WORK INSTRUCTIONS
Reproduce word for word the lines of the listing from the first one through the one with "發明高通量聚偏氟乙烯中空纖維膜", omitting every picture.

== Segment start ==

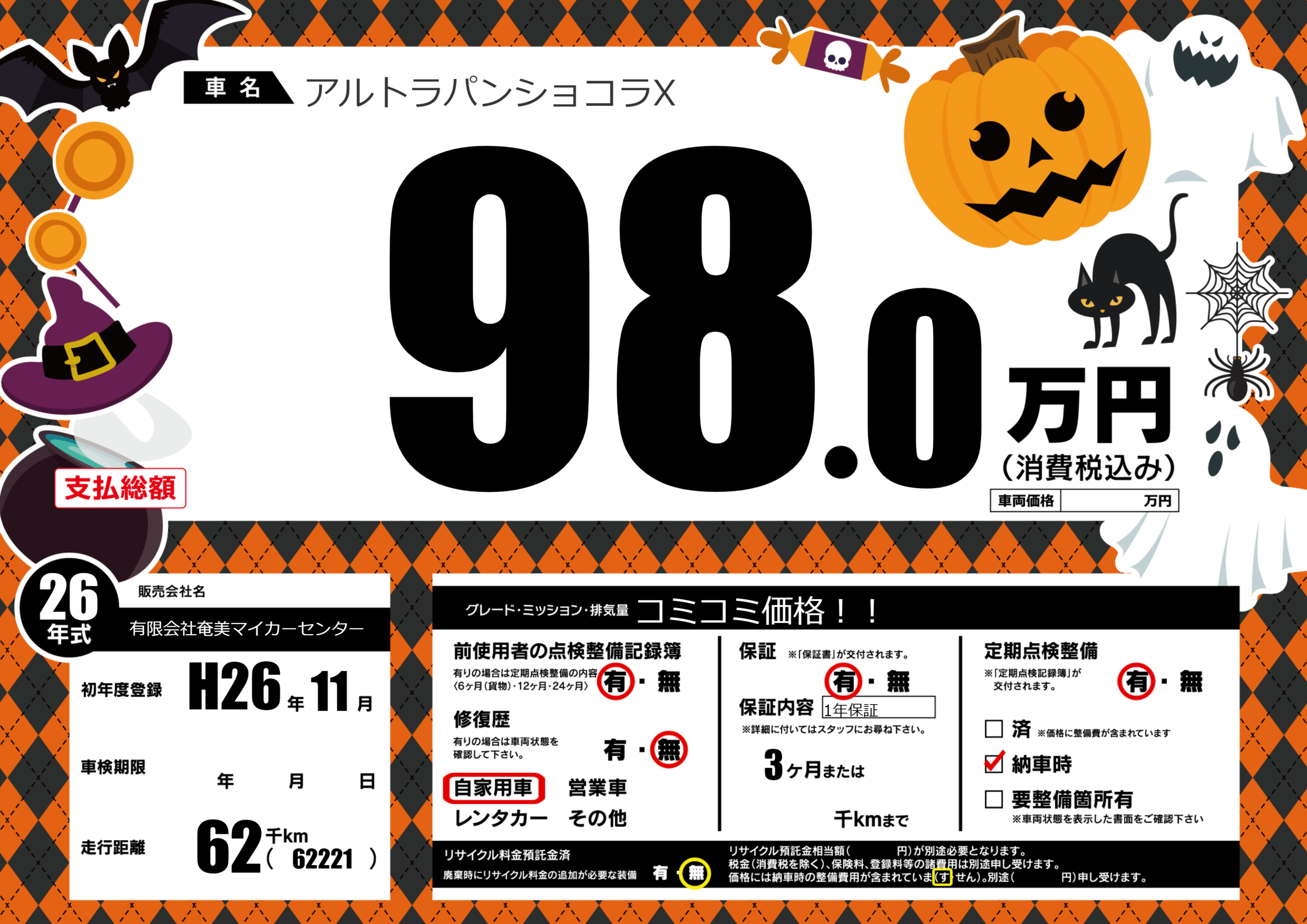 | 走行キロ | 6.2万km | 初年度登録 | H26年11月 |
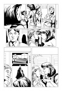 We've been following this page from the rough panel mock up, through to the final shaded page I'm showing here. In the next couple of days lettering will be applied.
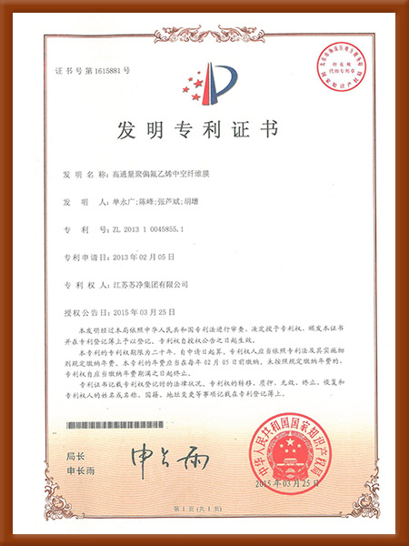 發明高通量聚偏氟乙烯中空纖維膜
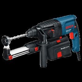Compacte 710W boorhamer met geïntegreerde stofafzuigunit voor stofvrij boren.
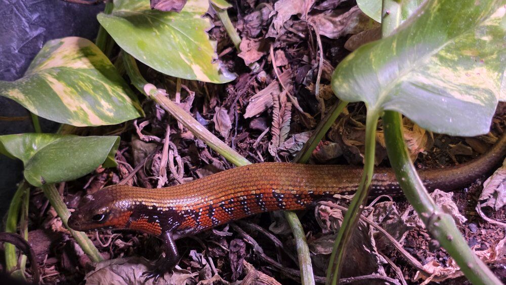 PayPalSelling our 3-skink setup in a 40-gallon breeder tank. Has live colony of isopods thriving in there as well (probably the occasional snack too!). Pathos has done very well and dead leaves provide additional feed for isopods. Skinks eating well on a mixture of crickets and roaches.
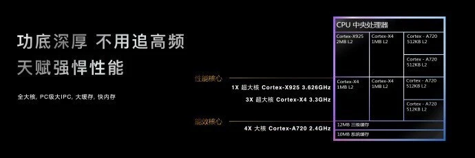 10月9日,联发科正式发布了全新一代旗舰移动平台:天玑9400。从发布会上透露的信息中,我们可以看到本次天玑9400不光采用了包罗Cortex-X925超大核在内的第二代全大核CPU架构,同时还应用了第二代台积电3nm制程工艺,带来性能与能效的双巨大幅提升。 可以看到在已往的几年里,联发科持续不停在旗舰级手机SoC市场发力,先后带来了拥有杰出能效体现的天玑9000系列以及开创安卓全大核架构的天玑9300系列等一系列新品,特殊是天玑9300系列的惊艳体现进一步巩固了联发科在旗舰手机SoC市场的领先职位。因此本次天玑9400的实际性能体现,特殊是能效体现备受各人的等待,下面我们就通过架构解读和实际测试来带各人一探毕竟。 天玑9400架构解析:3nm制程加持第二代全大核架构 按照惯例,在举行性能实测之前,我们先带各人来相识一下天玑9400的团体架构筹划。天玑9400作为一款定位旗舰级的手机SoC,其全面采用了当下领先的各项先辈技能,比方台积电第二代3nm制程工艺、全新Cortex-X925焦点、OMM追光引擎等。 CPU:首发Cortex-X925大核 先说各人比力关心的CPU部门,本次天玑9400采用了第二代全大核架构,详细焦点设置如下: 1颗Cortex-X925焦点配备2MB L2缓存 3颗Cortex-X4焦点配备1MB L2缓存 4颗Cortex-A720焦点配备512KB L2缓存 12MB三级缓存 10MB体系缓存 从团体看,手机SoC的CPU部门采用全大核架构已经成为了主流趋势,特殊是在行业普遍关注能效体现的配景下,全大核架构的优势也日渐明显。起首,与各人普遍认知的小核能效更好的观念有所差别,在实际的应用当中,得益于大核的规模优势,其在多个频点下的能效体现普遍优于同代的小核架构。 天玑9400所采用的第二代全大核架构在前代的底子上,将一颗大核升级为了全新的Cortex-X925焦点,据称联发科深度参加了Arm该架构的研发过程。 Cortex-X925焦点架构的一大亮点是其单线程每时钟指令(IPC)性能得到了大幅度提升,详细到天玑9400上,相比上代大核Cortex-X925的IPC提升高达15%,这意味着天玑9400的CPU在同频率下可以或许发挥出更高的性能。 同时Cortex-X925拥有10宽的解码和调理宽度,大大增长了每个周期处理的指令数量。这一增强功能使内核可以或许同时执行更多指令,从而进步执行单元的使用率和团体吞吐量。同时Cortex-X925还具有高度先辈的分支猜测单元,可减少错误猜测的分支数量。 固然天玑9400仍是4+4全大核架构,但是联发科大幅提升了团体的缓存设置,二级缓存提升幅度高达100%,三级缓存提升幅度高达50%,以提升多核性能以及高负载场景下的团体性能体现。同时,天玑9400还可以实现对10.7Gbps LPDDR5X内存的支持,从而全面提升团体性能体现。 Arm Cortex-X925还一个平凡用户很少关注的优势是其与第二代Arm v9.2架构无缝集成,可以在一样寻常应用场景下大幅优化能效体现。 天玑9400的CPU部门另有一个值得关注的信息点,是其在本年来看并不算高的CPU频率。天玑9400的Cortex-X925焦点主频为3.62GHz、Cortex-X4焦点主频为3.3GHz,与当下爆料的其他家突破4.0GHz的手机SoC CPU主频相比显得有些守旧。 因此,我们也就天玑9400的CPU主频选定题目和联发科举行了沟通。从沟通中我们得知天玑9400在选定CPU主频时格外注重能效体现,并且得益于领先的CPU架构和IPC提升,天玑9400可以在当下的频率标定下,实现具有优势且满意用户真实需求的性能体现,因此无需过分拉高CPU主频以满意性能需求。这也正是联发科天玑9400在CPU筹划上的独到之处,进步芯片的IPC而不是靠拉高频率来提升极限性能,毕竟“根本”先辈才是真领先。 GPU:持续引领移动光追生态 看完天玑9400的CPU部门,我们再来看看天玑9400的GPU部门。本次天玑9400搭载了Immortalis-G925 GPU,共有12个焦点。据相识,Immortalis-G925是ARM现在最新的GPU架构,与上一代G720相比,性能、能效、光追都有大幅跃进。 在采用最新GPU架构的同时,天玑9400还实装了星速引擎超分技能、OMM追光引擎等一系列领先科技。我们先来讲星速引擎超分技能,这是一种针对移动装备特殊优化筹划的超分技能。 当下的旗舰手机普遍配备1.5K以致2K分辨率的屏幕,但是主流手机游戏的渲染分辨率始终倘佯在720P的级别,这是因为现在的手机SoC固然具备直接渲染2K分辨率游戏画面的本领,但是相应也会大幅度提升功耗,对于手机的散热和续航带来挑衅。 不外通过超分技能,游戏画面可以先以较低分辨率渲染,然后从低分辨率上采样到高分辨率举行体现,从而办理游戏渲染分辨率普遍较低的题目。并且通过针对性的软件硬件优化,超分功能的运行仅需斲丧少少的功耗,这就是意味着借助该技能玩家可以痛快酣畅体验2K级别的游戏画面,但是手机SoC功耗并不会明显增长。 与现在已经存在的移动端超分技能相比,星速引擎超分技能不光具有精彩的能效体现,同时开发者也更容易实现兼容,加速超分技能的在应用端的广泛遍及。 天玑旗舰芯片一直以来都是移动光追技能的推动者,这次天玑9400也为移动端带来了一项新的光追技能:OMM追光引擎。该项技能现在正在被顶级的PC平台3A游戏大作采用,可以或许带来更为丰富的画面细节,并且减少必要渲染的多边形的数量,可以进步渲染服从,进步光追游戏的团体体现。 除了CPU和GPU的大幅提升之外,天玑9400本次还带来了第八代NPU处理器NPU 890、最新升级的星速引擎、天玑AI 5G方案、4nm制程Wi-Fi/蓝牙模块等创新科技。 从天玑9400的架构筹划中,我们可以看到

== Segment end ==

SOLVED EXERCISE
 | 走行キロ | 6.2万km | 初年度登録 | H26年11月 |
 We've been following this page from the rough panel mock up, through to the final shaded page I'm showing here. In the next couple of days lettering will be applied.
 發明高通量聚偏氟乙烯中空纖維膜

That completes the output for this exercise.